UK House Prices BrExit Crash NOT Likely Despite London Property Market Weakness
Housing-Market / UK Housing Jul 03, 2016 - 04:42 PM GMTThe establishment REMAIN camp peddled the same story for the UK housing market all year, one of a collapse, crash or worse! As operation fear each month ramped up the threats of that which awaited a post Brexit Britain. The house prices crash fear mongering even emanated direct from George Osborne himself who warned: “If we leave the European Union there will be an immediate economic shock that will hit financial markets... That affects the value of people’s homes and the Treasury analysis shows that there would be a hit to the value of people’s homes by at least 10 per cent and up to 18 per cent."
And Apparently in a world where zero interest rates are moving to negative rates the UK would be the odd one out to actually increase interest rates as George Osborne added And at the same time first time buyers are hit because mortgage rates go up, and mortgages become more difficult to get.”
David Cameron and George Osborne then continued with their contradictory statements of a plunging sterling and rising inflation but falling house prices inflation.
"If we leave the EU the fall in the value of sterling would be an average 12%."

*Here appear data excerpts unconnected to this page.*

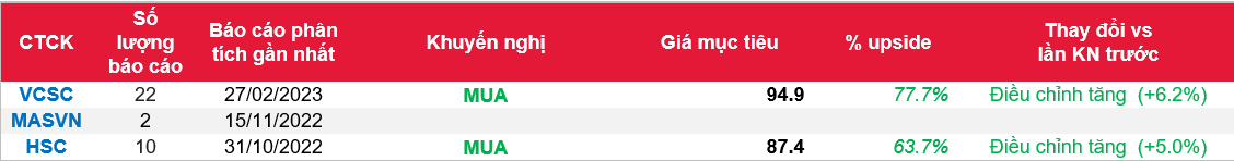 - Chúng tôi duy trì khuyến nghị MUA đối với Tập đoàn Vingroup (Cổ phiếu VIC) và tăng giá mục tiêu thêm 6,2% lên 94.900 đồng/cổ phiếu, chủ yếu nhờ định giá cao hơn lần lượt 18% và 7% đối với mảng Công nghiệp và Cho thuê bán lẻ, cũng như số dư nợ ròng thấp hơn vào cuối năm 2022. Chúng tôi duy trì quan điểm tích cực về việc Vingroup sẽ hưởng lợi mạnh mẽ từ tầng lớp thu nhập trung bình cao vốn đang gia tăng tại Việt Nam thông qua các công ty BĐS như Vinhomes (VHM), Vincom Retail (VRE) và Vinpearl.
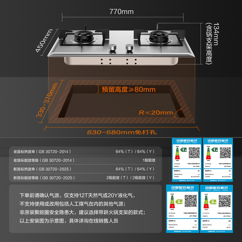 [新品]方太TF25G不锈钢燃气灶双灶台家用嵌入式天然气灶官方旗舰
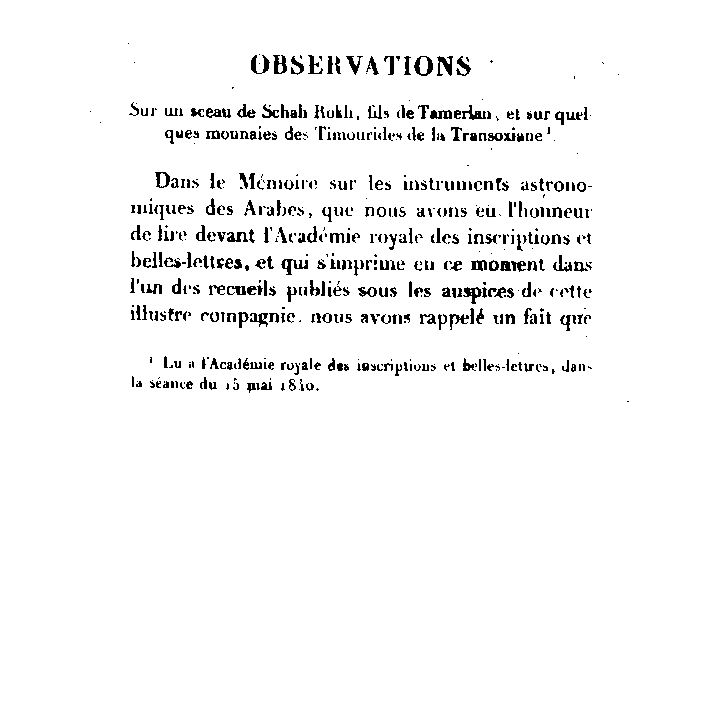Observation sur un sceau de Schah Rokh, fils de Tamerlan, et sur quelques monnaies des Timourides de la Transoxiane
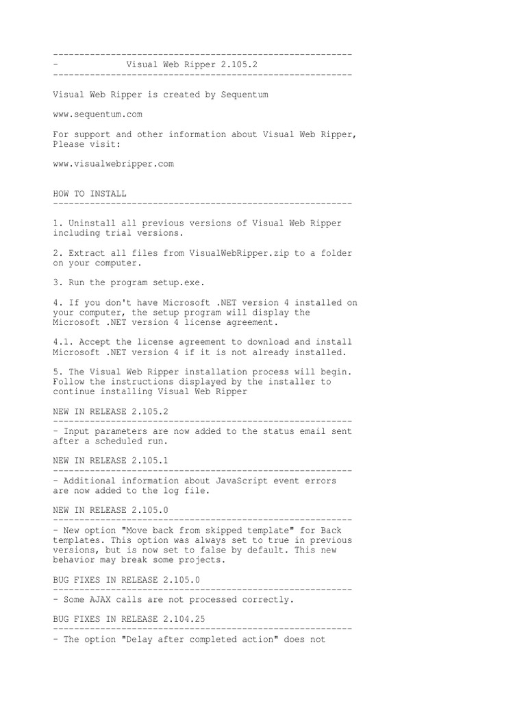 --------------------------------------------------------1. Uninstall all previous versions of Visual Web Ripper
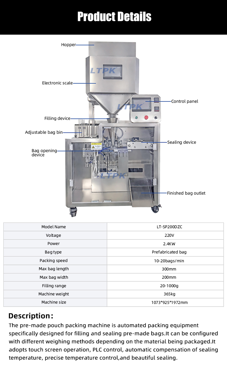 2. Premade Pouch Compatibility: Suitable for various pre-made bags (stand-up, zipper, flat pouches), with automatic bag feeding, opening, filling and sealing.
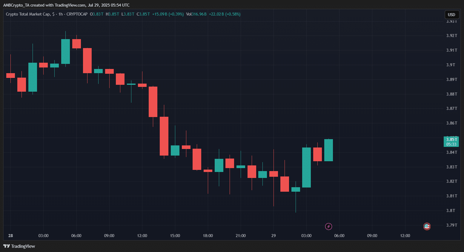 While the market showed signs of recovery around the $3.85 trillion level, overall momentum remained fragile.
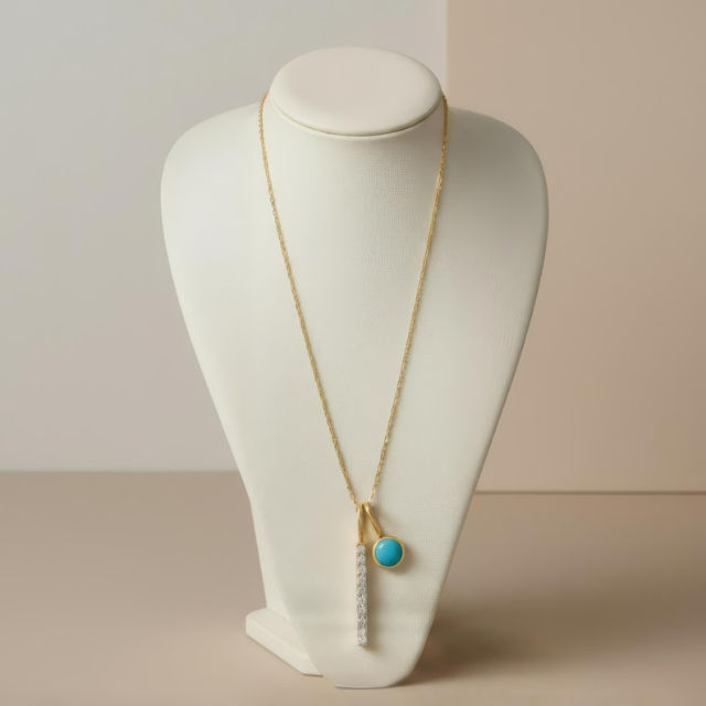 สร้อยคอจี้ทองคำ 18KT ประดับเทอร์ควอยซ์และเพชร ดีไซน์หรูหราแบบอสมมาตร เหมาะสำหรับมอบเป็นของขวัญให้คนที่คุณรัก
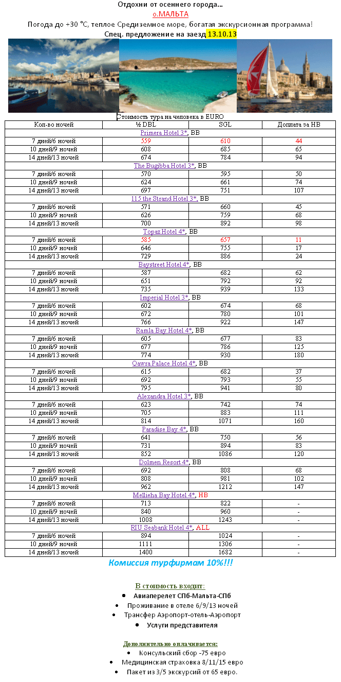 04 Окт 2013 13:54:06 МАЛЬТА 13.10 - спо на отели от фирмы ИВОЛГА
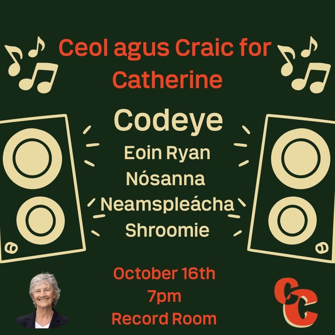 Come along for a night of Ceol agus Craic as local artists fundraise for Catherine Connolly's Presidential Campaign. Doors open from 7pm in The Record Room on Catherine St, Thursday 16th October.
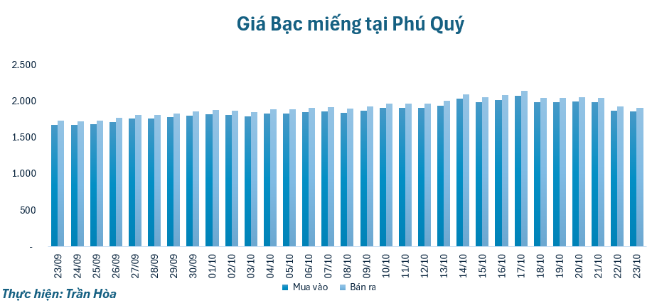 Giá bạc sáng 23/10 cũng giảm theo đà giảm của giá vàng, tại Phú Quý, giá bạc giảm 11.000 đồng ở chiều mua và giảm 12.000 đồng chiều bán so với giá khảo sát chiều qua, đạt mốc 1.859.000 – 1.916.000 đồng/lượng.
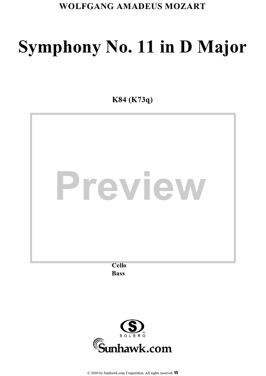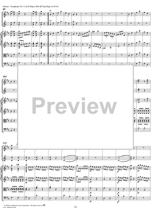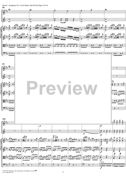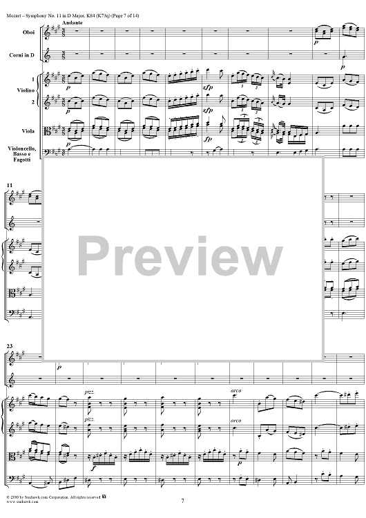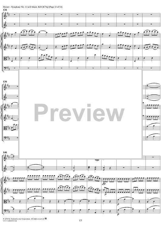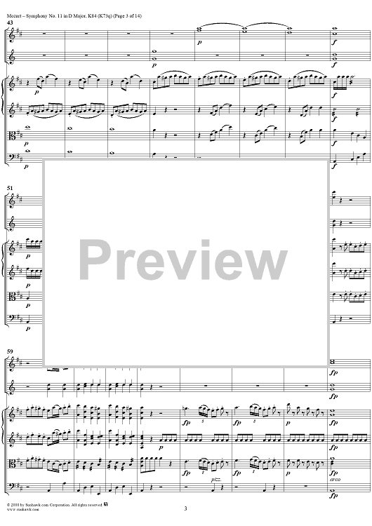 Digital Sheet Music for Symphony No. 11 in D Major, K84 - Full Score by Wolfgang Amadeus Mozart scored for Orchestra; id:235634
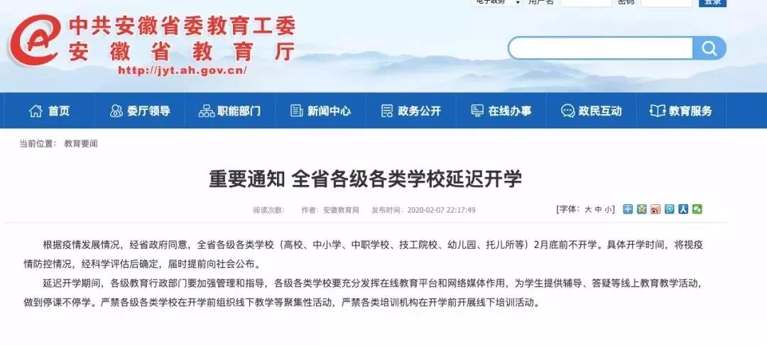 刚刚, 安徽省教育厅发布,根据疫情发展情况,经安徽省政府同意,全省各级各类学校(高校、中小学、中职学校、技工院校、幼儿园、托儿所等)2月底前不开学。具体开学时间,将视疫情防控情况,经科学评估后确定,届时提前向社会公布。 来源:人民网安徽频道 版权归原作者所有 如有侵权请联系删除

"Let's be clear what that means: a weaker currency means more expensive imports; that means more expensive food and it drives higher business costs; and we all know where that ends up: higher prices in the shops." - David Cameron
Firstly, as I have repeatedly pointed out that a fall in exchange rate is what virtually every central bank is trying to engineer by means of zero and negative interest rates! It's called the CURRENCY WARS, central banks trying to IMPORT inflation and EXPORT deflation as I covered in this video in response to earlier government propaganda -
In a world starved of yield with many bond holders in Japan and Germany actually PAYING interest to lend money to the government (bonds), rising UK interest rates would act as a huge financial hoover, sucking in foreign investment into UK bonds which ironically would result in a FALL in UK interest rates i.e. demand exceeding supply.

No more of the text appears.